What it detects (phase 1)

  1. Run-vs-mesh count drift — most recent successful run for a connector reported N objects touched (Added + Updated + Deleted); current IM_ManagementSpaceObjects count for that connector is M. The difference (M - N, signed) is the drift since the last sync. Healthy steady state is zero or close to it; non-zero means something changed without going through the engine (a partial subsequent run, an out-of-band SQL edit, manual cleanup) or the mesh was tampered with.
  2. Orphan mesh objects — rows in IM_MeshObjects with ErasedAtUtc IS NULL that have no IM_ManagementSpaceObjects row referencing them. In a healthy deployment every live mesh object is owned by at least one connector-space object; an orphan indicates a partial delete or a broken import.
  3. Dangling connector-space rows — rows in IM_ManagementSpaceObjects whose MeshObjectId is non-null but the referenced mesh object doesn’t exist (or is erased). A dangling row is a broken join — the projection engine will misbehave on it until the broken state is repaired.
  4. Per-object-type breakdown — current counts grouped by ObjectType so an operator can see “12,438 Users / 1,250 Groups” rather than a single number.

What it does NOT detect today (phase 1 limitation)

Drift between mesh state and the upstream source. The original “yesterday’s ServiceNow had 12,438 users; today it has 12,440 — here are the 2 deltas” requires every connector to expose a count-only query method against its source. That’s phase 2; it is documented as a follow-up and tracked separately.

In phase 1, the run-vs-mesh drift signal is a useful proxy: an out-of-band change to either side will show up as drift, even if we can’t yet attribute it to a specific source-system delta.

Endpoints

GET /api/admin/reconciliation — overall report

Returns the full reconciliation report: total counts, orphan + dangling counts, plus a per-connector summary.

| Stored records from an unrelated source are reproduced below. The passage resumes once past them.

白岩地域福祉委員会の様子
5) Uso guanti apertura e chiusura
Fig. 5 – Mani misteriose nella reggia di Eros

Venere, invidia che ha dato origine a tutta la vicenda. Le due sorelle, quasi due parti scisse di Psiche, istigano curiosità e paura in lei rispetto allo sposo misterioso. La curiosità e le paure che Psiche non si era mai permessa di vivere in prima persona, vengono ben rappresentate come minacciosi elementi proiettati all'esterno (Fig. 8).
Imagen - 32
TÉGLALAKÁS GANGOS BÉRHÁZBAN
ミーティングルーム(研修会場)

curl -X GET https://identitymesh.example.com/api/admin/reconciliation \
     -H "Authorization: Bearer $TOKEN"

Response shape:

{
  "reportedAtUtc": "2026-04-26T14:33:21Z",
  "totalMeshObjects": 13688,
  "totalErasedMeshObjects": 4,
  "orphanMeshObjectCount": 0,
  "danglingConnectorSpaceCount": 0,
  "connectors": [
    {
      "connectorId": "9c1c...",
      "connectorName": "Entra-Production",
      "connectorType": "EntraId",
      "currentMeshObjectCount": 12438,
      "lastRunObjectsTouched": 12438,
      "lastSuccessfulRunUtc": "2026-04-26T03:15:00Z",
      "runVsMeshDrift": 0
    },
    {
      "connectorId": "a234...",
      "connectorName": "AD-OnPrem",
      "connectorType": "ActiveDirectory",
      "currentMeshObjectCount": 1250,
      "lastRunObjectsTouched": 1250,
      "lastSuccessfulRunUtc": "2026-04-26T02:45:00Z",
      "runVsMeshDrift": 0
    }
  ]
}

A drift report (something out of sync) looks like:

{
  "reportedAtUtc": "2026-04-26T14:33:21Z",
  "totalMeshObjects": 13690,
  "totalErasedMeshObjects": 4,
  "orphanMeshObjectCount": 2,
  "danglingConnectorSpaceCount": 1,
  "connectors": [
    {
      "connectorName": "Entra-Production",
      "currentMeshObjectCount": 12440,
      "lastRunObjectsTouched": 12438,
      "runVsMeshDrift": 2
    },
    {
      "connectorName": "AD-OnPrem",
      "currentMeshObjectCount": 1250,
      "lastRunObjectsTouched": 1250,
      "runVsMeshDrift": 0
    }
  ]
}

The runVsMeshDrift: 2 on Entra-Production paired with the orphanMeshObjectCount: 2 is the operator’s lead — there are two mesh rows that exist on this side without a CS pairing on the other.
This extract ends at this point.